The Wicked Witch is wicked because she too has fallen for the lack. She lacks the slippers. If she ever were to get them, she'd only seek for something else to fill the bottomless pit of transcendentalism. She is wicked only because she is mean in an innocent sense. Out in the open. She wears her costume and rides her broom stick. Showing off like a child. The Wizard of Oz, on the other hand, is most wicked actually. His hiding and deception has made an Emerald City that only appears to shine but is actually dark and empty since it is run by a coward. He sends Dorothy and her trio to their doom. He'd rather they die and with false hope than the Wicked Witch who is screaming that she will kill them directly. They don't know where the real danger lies. The real wickedness. Once revealed, the Wizard of Oz reveals the truth. He knows if he doesn't come clean, this pure force of innocence and positivity will destroy him because they destroyed the Wicked Witch who he relied on for his transcendental order.
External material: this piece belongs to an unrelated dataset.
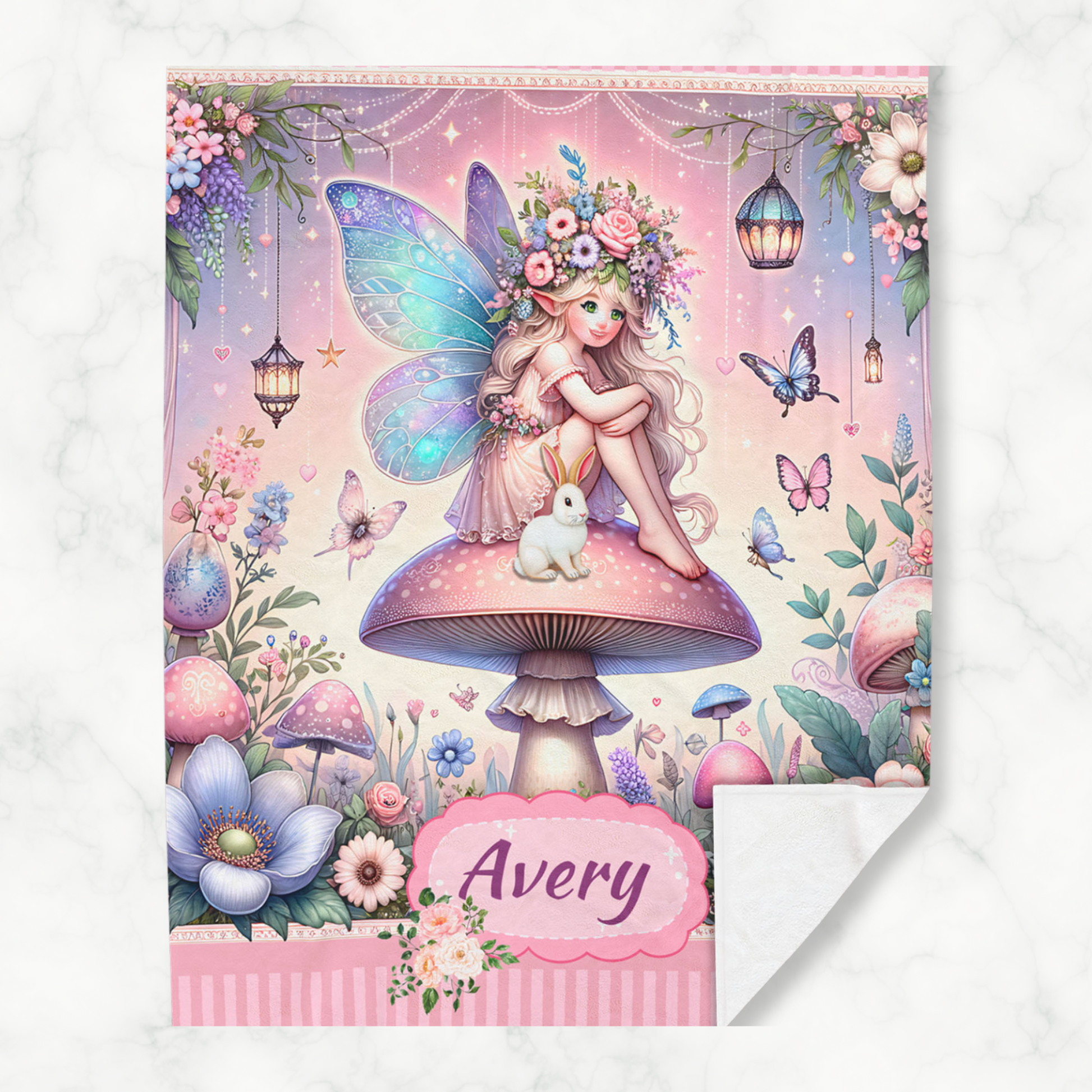 A dreamy garden filled with butterflies, blooming flowers, and a gentle bunny surrounds a beautiful fairy perched atop a mushroom. With soft velveteen fleece and your child’s name printed front and center, this blanket becomes a one-of-a-kind keepsake she’ll treasure forever.
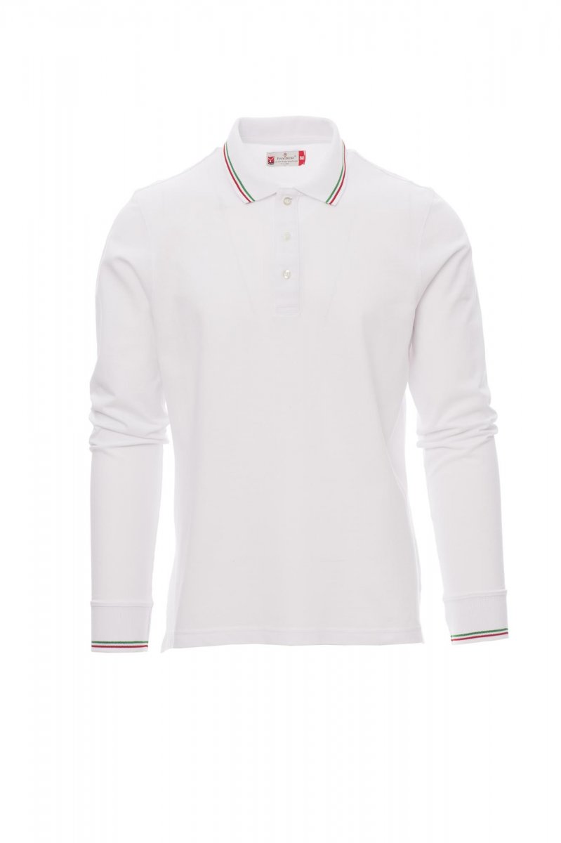 POLO_MANICA LUNGA_Polo unisex a manica lunga a 3 bottoni in tinta, collo e polsino con fine profilo tricolore in contrasto, colletto e polsino a costine, spacchetti laterali, cuciture del collo coperte, nastro di rinforzo laterale, rinforzo sagomato retro collo.

The Wizard of Oz reveals that they actually lack nothing. That they are full of potential. That they can become rhizomes or as many things as they like. The Emerald City has lost its shine for them because they shine through activity. They are looking inside to satisfy their desires rather than looking outward for some magic ingredient to solve their problems.
The film says that disaster comes whether you want it to or not and your response is everything. It will come like a tornado threatening your home or a mean old lady who wants to put your dog down. Do not let such defeat convince you of what you lack. Do not blame yourself. Do something about it. Be resourceful. Pull from your inexhaustible supply. Everybody has more power in them than they can imagine. What a positive message of rhizomatic activity! It's far better to be a playful nomad than a slave to a system of empty promise.
This review of The Wizard of Oz (1939) was written by Peter Pete P on 06 Oct 2018.
The Wizard of Oz has generally received very positive reviews.